(Mom wants me to tell you, this is not carpet, just an area rug.)
I have to admit, I had a bit of a bottle rocket up my…tail today. I have been sleeping so well on the human bed that I get up an have LOTS of energy. I took off like the Hairy Bullet and torpedoed off Mom’s jewelry box, knocking over her entire shrine to Ganesh, (Mom likes to meditate, when I let her) breaking his trunk and one of his arms. Mom was none too pleased, but managed to Super Glue everything together so you can’t notice the damage. Once I had finished wreaking havoc in her room, it was off to the rest of the house.
Shoot down the stairs and through the living room! Over went the big torch lamp. Crash! Luckily, Mom put the plastic one closest to the traffic or that could have been messy. Then on to my new chew toy.
Mom bought me an “indestructible” chew toy. It’s a little Nerf football on two thick twines of rope, for tug-o-war.
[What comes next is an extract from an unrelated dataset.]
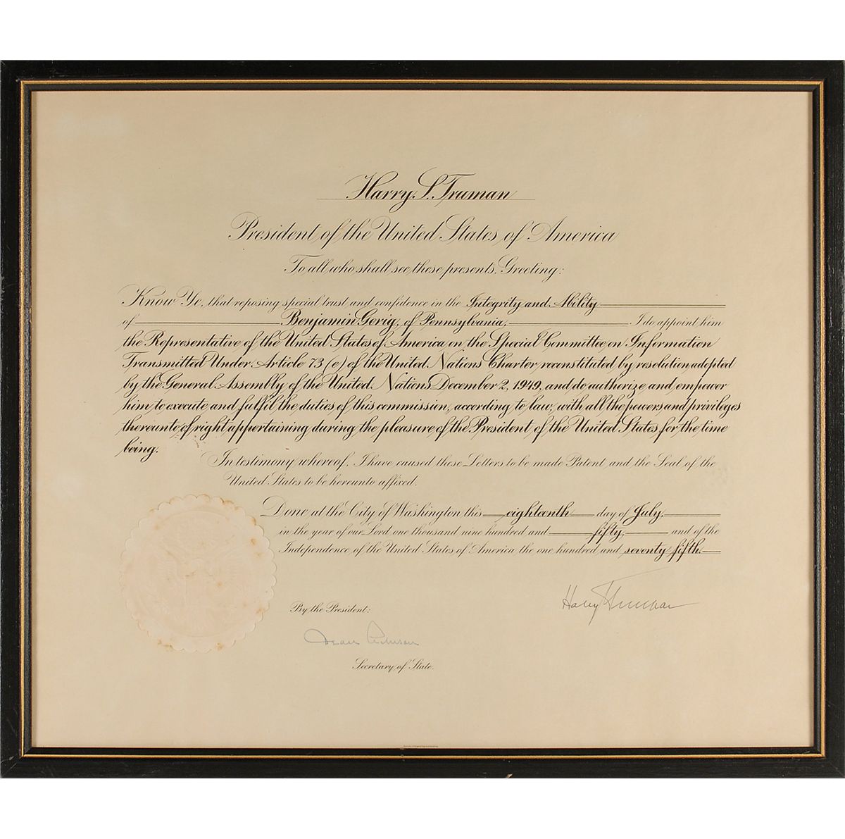 Partly-printed DS as president, one page, 18.5 x 15.5, July 18, 1950. President Truman appoints Benjamin Gerig of Pennsylvania “the Representative of the United States of America on the Special Committee on Information Transmitted Under Article 73 (e) of the United Nations Charter.” Signed at the conclusion by Truman and countersigned by Secretary of State Dean Acheson. Framed to an overall size of 20 x 17. In fine condition, with some scattered mild toning, primarily to the crisp, intact seal.

I’ve had it a day or two, and I like it. Excuse me, liked it.
First order of business: shred all the rope so that I look like I’m covered in hair extensions. Check! Rip small shreds of rope and strew them all about the house on the freshly-vacuumed floor. Check! Get a strand caught in my bottom tooth, hanging out of my mouth, so that it looks like I am growing a beard. Check, check, double check!
Next up: rip the sides of the rope out of the football. Done! Now, chew the football and pull out all the stuffing! Touchdown!!
As I mentioned, I liked the indestructible toy. It was nice while it lasted!